I am not entirely sure what they had in mind, but one possible interpretation of this is that you cannot "see" the difference between a non-reduced scheme and its induced reduced scheme structure geometrically, because they have the same set of points.

A non-reduced scheme is the same topological space as a reduced scheme with extra functions, so you have to take these extra functions into account and that is inherently algebraic.

In other words, you cannot expect to have a condition that says something about the dimension of the fibers or components (associated points) dominating the base like in criteria over reduced bases.


OK, let me try to give a more complex answer. Take the simple flatness criterion that

Theorem

Let $f:X\to B$ be a morphism such that $B$ is integral, regular, and of dimension $1$. Then $f$ is flat if and only if every associated point of $X$ dominates $B$.

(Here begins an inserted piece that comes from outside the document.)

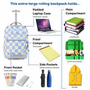 A inovadora e versátil mochila com rodinhas J World Sundance para escolas e viagens possui um compartimento para laptop de 15,6" e um molde de proteção inferior para garantir que seu dispositivo não seja danificado durante a viagem. A mochila para laptop com rodas Sundance pode ser utilizada como bagagem de mão ou como mochila para laptop com tiras que é fácil de transportar. Organize todos os seus pertences com um bolso frontal equipado com porta-lápis, chaveiro e bolso de malha, perfeito para guardar itens que podem ser facilmente acessados. Para quem precisa de hidratação em trânsito, tem bolsos laterais de malha que são ideais para guardar garrafas de água e vários outros recipientes para bebidas. Com enorme capacidade, esta mochila para laptop carrega facilmente um laptop, fichário de 3 polegadas, 3 livros didáticos universitários, cadernos, disco rígido portátil e almoço com espaço de sobra. A alça de alumínio de tubo único se estende até 34 ou 39 polegadas para facilitar a manobrabilidade de crianças e adultos de até 6 pés e 3 polegadas de altura.

This is not a topological characterization, because it allows $X$ to have embedded points, yet it requires $B$ to be reduced. I suppose you could argue that the part of the condition of the theorem that applies to $B$ is indeed topological, but I would not expect anybody call this criterion topological.

Most other flatness criteria require something about the fibers of the map, which is again only topological on the base, but more than that on the total space and/or fibers.

Also, one might argue that when someone says topological with respect to an algebraic scheme they might mean the euclidean or the étale topology. In some sense to work with the Zariski topology is already a little bit geometric rather than topological.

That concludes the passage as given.